Speech is “the vocalized form of communication used by humans and some animals, which is based upon the syntactic combination of items drawn from the lexicon. Each spoken word is created out” of the phonetic combination of a limited set of vowel and consonant speech sound units (phonemes). The 30 words included in the database differ from person-to-person such that their accent, their speaking frequency differentiates one person from the other. Speech recognition is the inter-disciplinary sub-field of computational linguistics. It develops methodologies and technologies that enable the recognition and translation of spoken language into text by computers shown in Figure 1.

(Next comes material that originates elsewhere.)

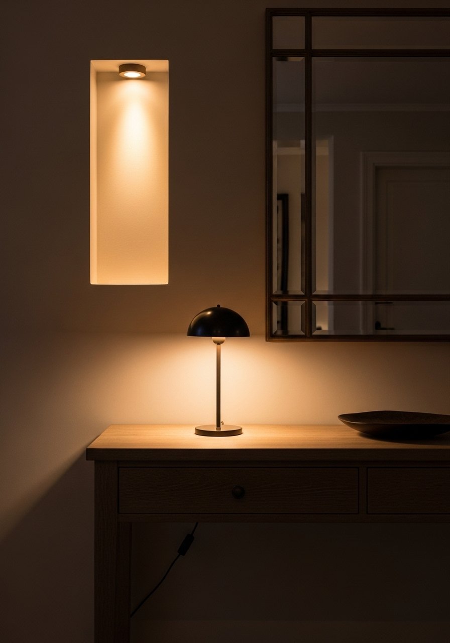 Recessed Wall Lighting And Table Lamp Pairing
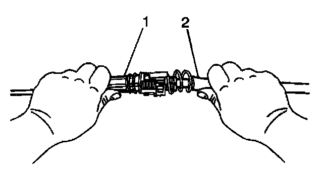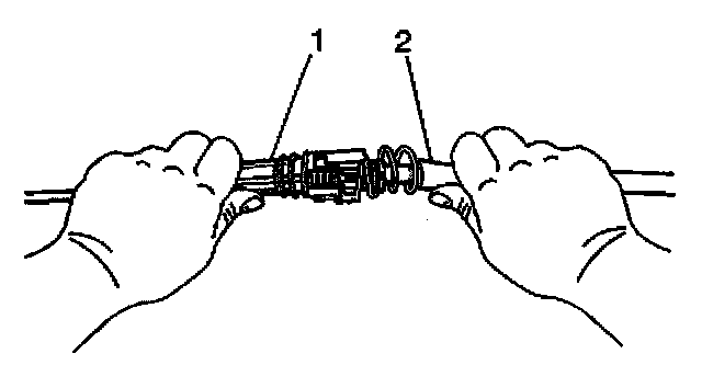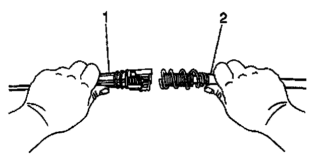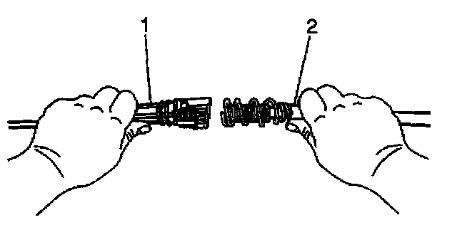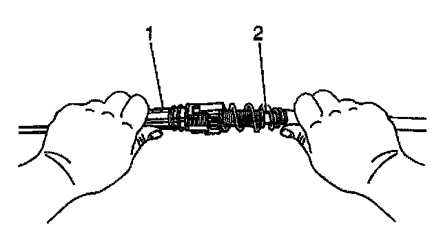 15. Grasp the front half (cab end) of the transmission cable (1) in the left hand and the rear half (transmission end) of the transmission cable (2) in the right hand.

It is also known as “automatic speech recognition” (ASR), “computer speech recognition”, or just “speech to text” (STT). It incorporates knowledge and research in the linguistics, computer science, and electrical engineering fields.”

Figure 1.

Voice recognition


The “spectrogram is a basic tool in audio spectral analysis and other fields. It has been applied extensively in speech analysis (Deller, Proakis & Hansen, 1993; Schafer & Markel, 1979). The spectrogram can be defined as an intensity plot (usually on a log scale, such as dB) of the Short-Time Fourier Transform (STFT) magnitude. The STFT is simply a sequence of FFTs of windowed data segments, where the windows are usually allowed to overlap in time, typically by 25-50% (Allen & Rabiner, 1977). It is an important representation of audio data because human hearing is based on a kind of real-time spectrogram encoded by the cochlea of the inner ear (O'Shaughnessy, 1987). The spectrogram has been used extensively in the field of computer music as a guide during the development of sound synthesis algorithms. When working with an appropriate synthesis model, matching the spectrogram often corresponds to” matching the sound extremely well. In fact, spectral modeling synthesis (SMS) is based on synthesizing the short-time spectrum directly by some means (Zölzer, 2002).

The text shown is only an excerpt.